One of the nice aspects of Flux v2 is the compliance information you get out of the deployments. The compliance information is pulled back to Azure and made available in the Azure portal. The most important piece is the compliance column. The Flux v2 implementation waits until every single Kubernetes object has been spun up and the status has been returned. The compliance indicates the compliance of all the deployments that are declared through this configuration and it’s source.

The compliance piece can be used in Azure Alerts to tell you if the cluster is compliant with the declarations in the Git repository for this particular configuration.

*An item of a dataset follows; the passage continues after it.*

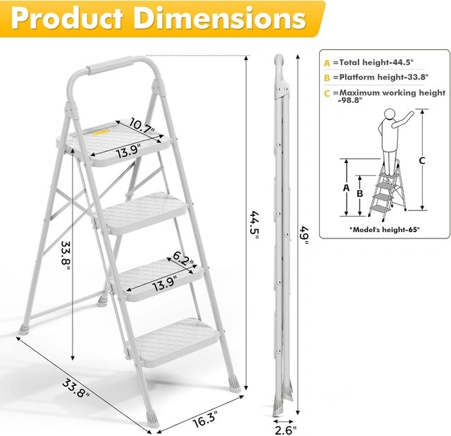 KINGRACK 4 Step Ladder Foldable, Heavy Duty Folding Step Stool

All of the Kubernetes declarations for this configuration are applied at the cluster scope. The compliance state is showing that the installation of the agent tree succeedded.

bootstrap2

If we dig into the configuration, we can see the compliance state of all the configuration objects. The configuration objects are all of the Flux objects that are in the Git repository. bootstrap3

The source page contains information such as the repository URL and the reference type which contain all the Flux v2 capabilities (Branch, Commit, release Tag, Semver range). If you choose a private repository, you must specify an authentication type. bootstrap4

The Kustomizations page contains the details about the different paths used in the configuration. The last column indicates the dependencies. In our example has the apps-dev Kustomization a dependency on the infra being installed. A similar relation has been defined between apps-prd and apps-dev.

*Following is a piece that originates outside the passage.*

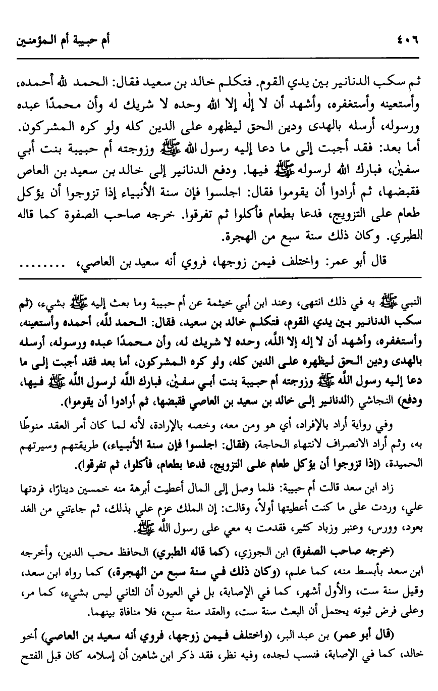 النبي صلى الله عليه وسلم به في ذلك انتهى، وعند ابن أبي خيثمة عن أم حبيبة وما بعث إليه صلى الله عليه وسلم بشيء، "ثم سكب الدنانير بين يدي القوم، فتكلم خالد بن سعيد، فقال: الحمد لله، أحمده وأستعينه، واستغفره، وأشهد أن لا إله إلا الله، وحده لا شريك له، وأن محمدا عبده ورسوله، أرسله بالهدى ودين الحق ليظهره على الدين كله، ولو كره المشركون أما بعد فقد أجبت إلى ما دعا إليه رسول الله صلى الله عليه وسلم وزوجته أم حبيبة بنت أبي سفيان فبارك الله لرسول الله صل الله عليه وسلم فيها، ودفع" النجاشي "الدنانير إلى خالد بن سعيد بن العاصي فقبضها ثم أرادوا أن يقوموا".

The Prune functionality means if we delete a Kustomization or delete the config then Flux will clean up all of the resources that were lay down in that cluster based on this configuration.

bootstrap5

4. Results

As a result, the following namespaces are created:

  • flux-system: Holds the Flux extension controllers.
  • cluster-config: Holds the Flux configuration objects.
  • monitoring: Namespace for workloads described in manifests in the Git repository - folder infra.
  • kuard: Namespace for workloads described in manifests in the Git repository - folder apps.

gitops

Flux does not require a master cluster like ArgoCD does. It’s all individual clusters and with this approach we make sure everything can work in that sort of disconnected state where basically the master is your Git repository and how to build on top of that within Azure to give you some of these capabilities like observability across groups of clusters and across applications that are deployed to multiple clusters.

5. Observability

To track the compliance state of all your clusters across all your subscriptions you can use Azure Graph Resource Explorer.

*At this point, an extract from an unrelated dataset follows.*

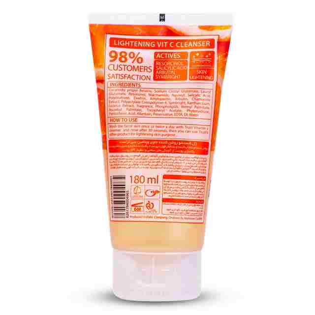ژل شستشو روشنکننده حاوی ویتامین سی تراست به خاطر داشتن مواد مؤثره ویتامین سی، رزورسینول، سالیسیلیک اسید، آربوتین و سیم برایت، پوست را روشن و شاداب ساخته و از آن محافظت میکند. همچنین ژل شستشو روشنکننده ویتامین سی یک پاککننده ملایم و عمیق منافذ پوستی بوده و پوست را از آلودگیهای سطحی پاکسازی کرده و میزان pH پوست را تنظیم میکند.

kubernetesconfigurationresources
| where type == "microsoft.kubernetesconfiguration/fluxconfigurations"
| where resourceGroup contains "rg-aks-001"
| where properties.gitRepository.url == "https://github.com/dewolfs/flux2-aks-apps.git"
| parse id with * "/providers/" provider "/" clusterType "/" *
| summarize count() by tostring(properties.complianceState), clusterType, provider

The above query lists the compliance state by cluster type. We are interested in getting all the Flux configurations from a specific resource group. With this query we want to understand the compliance state of the configurations by cluster type and parse out the provider and clustertype.

graphexplorer

6. Lifecycle management Flux

Upgrades are driven by the Azure extension platform across different cluster types. The extension platform is currently growing.

There are two options to manage Azure extensions in terms of the upgrade path:

  • 1) Disabling auto-upgrade: manual doing version upgrades by calling the api directly
  • 1) Enabling auto-upgrade: auto-upgrade with no configurable timeframe. It’s driven from the extension owner side.